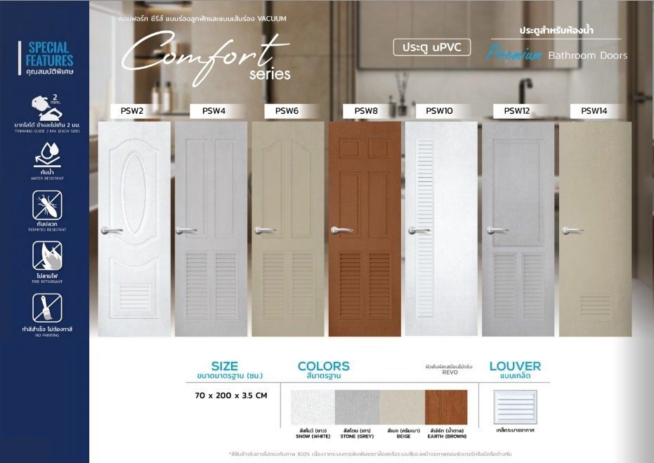 PSW4 ประตูห้องน้ำ UPVC ผิวเสี้ยนไร้ขอบ ( เจาะ ) 70x200cm. สีเทา
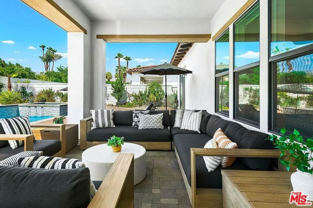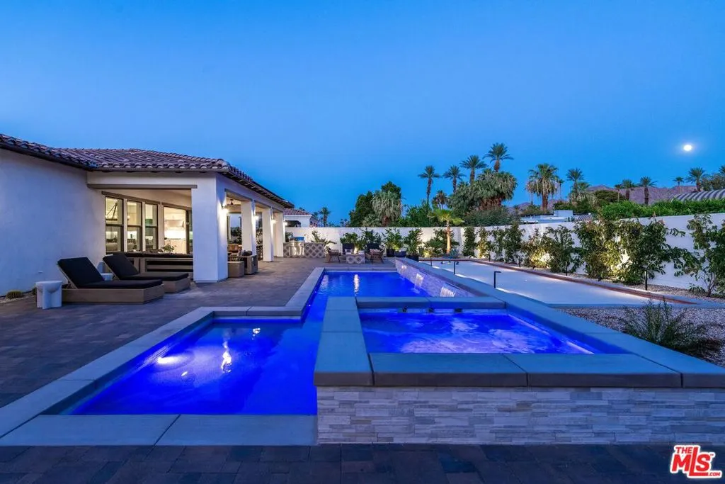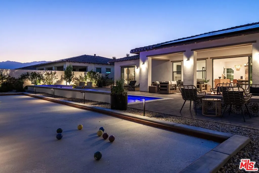 AVAILABLE MAY- SEPTEMBER 2026. UNAVAILABLE OCT 2026 THRU MAY 2027. Prices vary per month- please inquire for exact prices and latest availability. Welcome to Villa Chic, your luxurious retreat nestled in the heart of Indian Wells. This brand-new, chic modern Mediterranean home offers the epitome of sophisticated living with its impeccable design and lavish amenities. As you step inside this stunning villa, you are greeted by the spacious and elegant living area adorned with designer furnishings and captivating artwork. Sink into the plush seating and unwind in front of the 80-inch TV, perfect for cozy movie nights or catching up on your favorite shows. The villa boasts three luxurious bedrooms, each offering its own private sanctuary for relaxation. With five exquisite bathrooms, including master ensuites, every guest will experience the utmost comfort and convenience during their stay. Indulge in outdoor living at its finest with the expansive pool area featuring a refreshing Baja shelf and a tranquil waterfall spa. Challenge your friends and family to a friendly game of Bocce ball on the private court, or simply soak up the California sunshine while lounging on the stylish poolside furniture. Entertain in style in the chef's kitchen, complete with a large island and bar seating, sure to wow your guests. Whip up culinary delights with top-of-the-line appliances and ample counter space, then gather around the impressive island for casual dining and conversation. Step outside to the spacious loggia, complete with al fresco dining and a cozy conversation area. Fire up the built-in BBQ and savor delicious grilled meals while admiring the breathtaking mountain views that surround the property. For those looking to explore the area, take advantage of the complimentary golf cart and bikes provided for your convenience. Discover all that Indian Wells has to offer, from world-class golf courses to upscale dining and shopping destinations. Experience the height of luxury and sophistication at Villa Chic, where every detail has been meticulously crafted to ensure an unforgettable stay in paradise. Book your getaway today and indulge in the ultimate desert retreat. MAY -$12,000 | JUNE - AUGUST $8,000 | SEPTEMBER $9,500 | OCTOBER - NOVEMBER $10,500 | DECEMBER $12,500 | JANUARY - APRIL $15,000
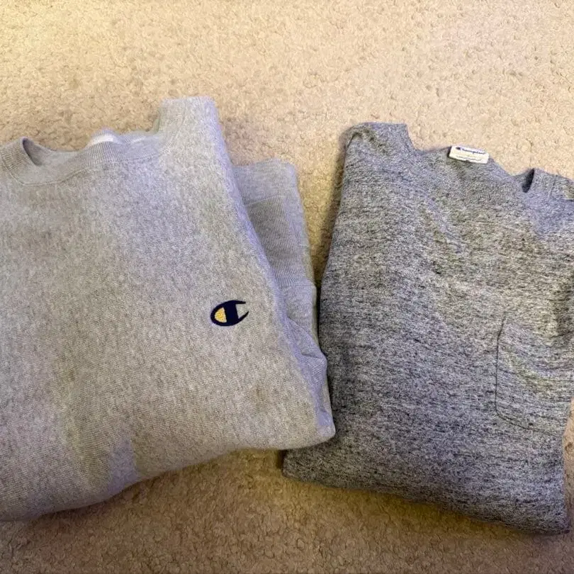 Champion 그레이 크루넥 트레이닝복 롱T 2장 세트
◇ ◇ ◇ ◇
Would you print the listing above in full, exactly, but with no pictures?

_Answer to this exercise_
 PSW4 ประตูห้องน้ำ UPVC ผิวเสี้ยนไร้ขอบ ( เจาะ ) 70x200cm. สีเทา
 AVAILABLE MAY- SEPTEMBER 2026. UNAVAILABLE OCT 2026 THRU MAY 2027. Prices vary per month- please inquire for exact prices and latest availability. Welcome to Villa Chic, your luxurious retreat nestled in the heart of Indian Wells. This brand-new, chic modern Mediterranean home offers the epitome of sophisticated living with its impeccable design and lavish amenities. As you step inside this stunning villa, you are greeted by the spacious and elegant living area adorned with designer furnishings and captivating artwork. Sink into the plush seating and unwind in front of the 80-inch TV, perfect for cozy movie nights or catching up on your favorite shows. The villa boasts three luxurious bedrooms, each offering its own private sanctuary for relaxation. With five exquisite bathrooms, including master ensuites, every guest will experience the utmost comfort and convenience during their stay. Indulge in outdoor living at its finest with the expansive pool area featuring a refreshing Baja shelf and a tranquil waterfall spa. Challenge your friends and family to a friendly game of Bocce ball on the private court, or simply soak up the California sunshine while lounging on the stylish poolside furniture. Entertain in style in the chef's kitchen, complete with a large island and bar seating, sure to wow your guests. Whip up culinary delights with top-of-the-line appliances and ample counter space, then gather around the impressive island for casual dining and conversation. Step outside to the spacious loggia, complete with al fresco dining and a cozy conversation area. Fire up the built-in BBQ and savor delicious grilled meals while admiring the breathtaking mountain views that surround the property. For those looking to explore the area, take advantage of the complimentary golf cart and bikes provided for your convenience. Discover all that Indian Wells has to offer, from world-class golf courses to upscale dining and shopping destinations. Experience the height of luxury and sophistication at Villa Chic, where every detail has been meticulously crafted to ensure an unforgettable stay in paradise. Book your getaway today and indulge in the ultimate desert retreat. MAY -$12,000 | JUNE - AUGUST $8,000 | SEPTEMBER $9,500 | OCTOBER - NOVEMBER $10,500 | DECEMBER $12,500 | JANUARY - APRIL $15,000
 Champion 그레이 크루넥 트레이닝복 롱T 2장 세트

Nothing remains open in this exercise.